The letter [PDF] from members of the Congress is regarding an ongoing dispute between the digital wallet provider and the IRS, which has demanded that Coinbase had over the information for all its users' accounts.
Last November, the federal agency had issued a 'John Doe' summons to Coinbase to provide information on unnamed and unknown taxpayer(s). It was reported that the summons was dealt to help the federal agency's investigation into possible tax evasion by users' of digital currencies between January 1, 2013, through to December 31, 2015.
However, while a federal judge had approved the IRS summons last December, Coinbase have remained steadfast in their opposition of the summons. In March, the company said in an announcement that they had yet to over any records. In the same month, according to the IRS, they revealed that fewer than 1,000 people were declaring their Bitcoin profits or losses in their annual tax returns.
Following the approved summons, a Coinbase user then submitted a motion to block the IRS access to users' information.
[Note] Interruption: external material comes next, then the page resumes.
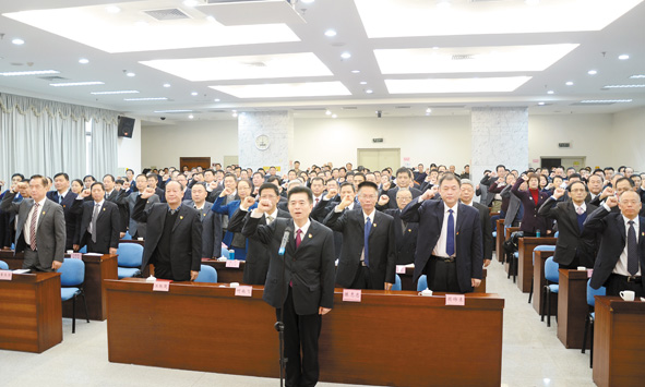 图为省国土资源厅党组书记董建洲带领全体党员干部集体重温入党誓词。■ 郑志鑫
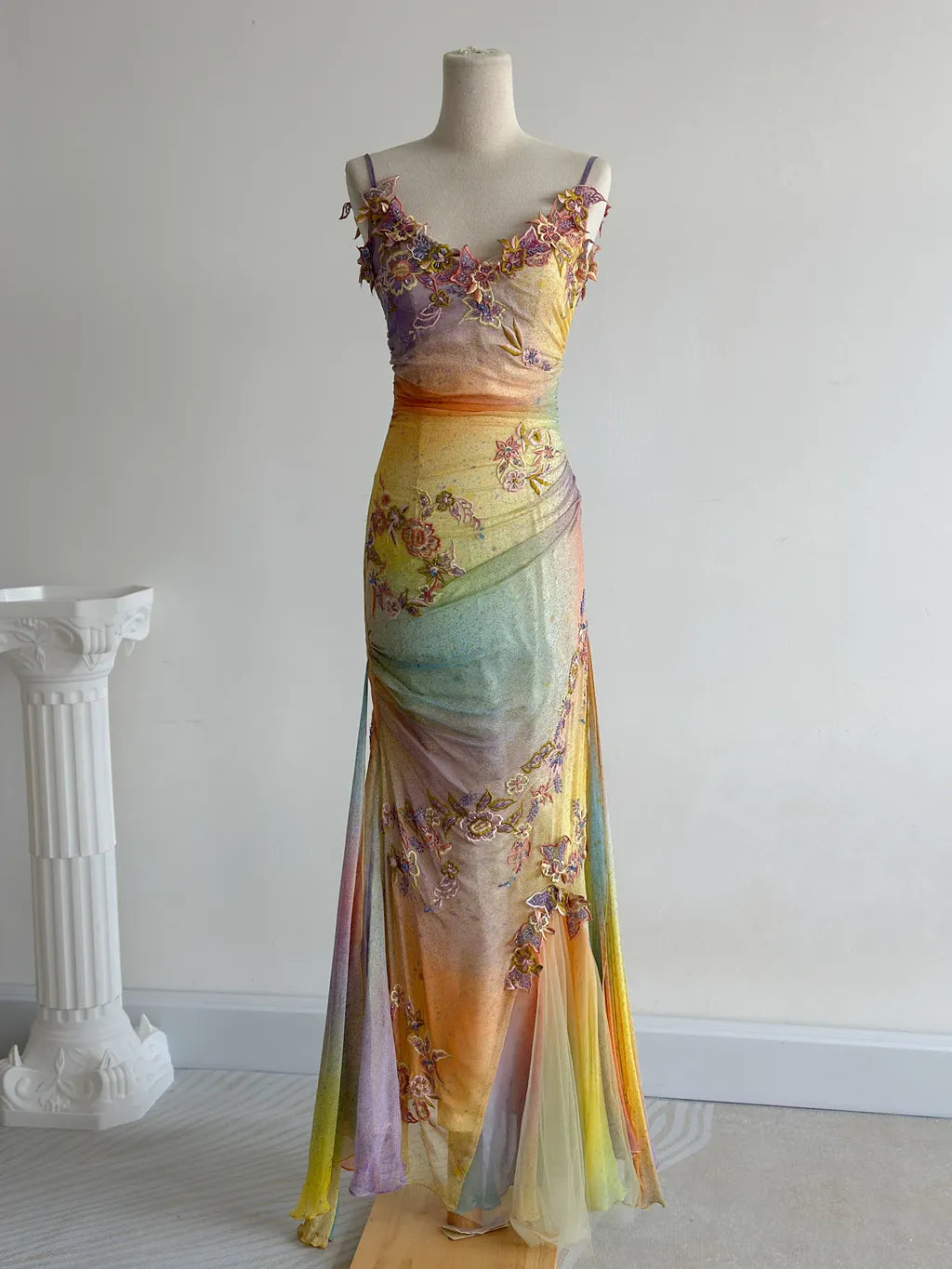 Niulatu Yellow Pink Spaghetti Straps Chiffon Embroidered Appliques Mermaid Prom Dresses Formal Evening Gowns HZ1103

This was followed up by a new motion from two unidentified Coinbase users earlier this month in a bid to prevent the IRS from accessing user data.
In this latest development, though, it's likely to add further fuel to Coinbase's case as it continues to block the demand.
In the letter from Congress, it states:
The summons is estimated to affect 500,000 active Coinbase customers and would result in the production of millions of pages of associated records, many of which contain personally identifiable information.
It adds that of that figure, 90 percent of customers had engaged in less than $10,000 in cumulative, gross transactions during the time period requested.
Echoing concerns from Coinbase and its users, the letter questions whether the IRS has 'established a reasonable basis to support the mass production of records for half a million people,' many of which don't appear to be undertaking the volume of transactions that requires it necessary to report to the IRS.
Based on the information before us, this summons seems overly broad, extremely burdensome, and highly intrusive to a large population of individuals.
With several questions put to the IRS, members of Congress have asked the federal agency to get back by June 7. This will no doubt put increased pressure on the agency as it works to deal with Coinbase in an attempt to get the information it wants.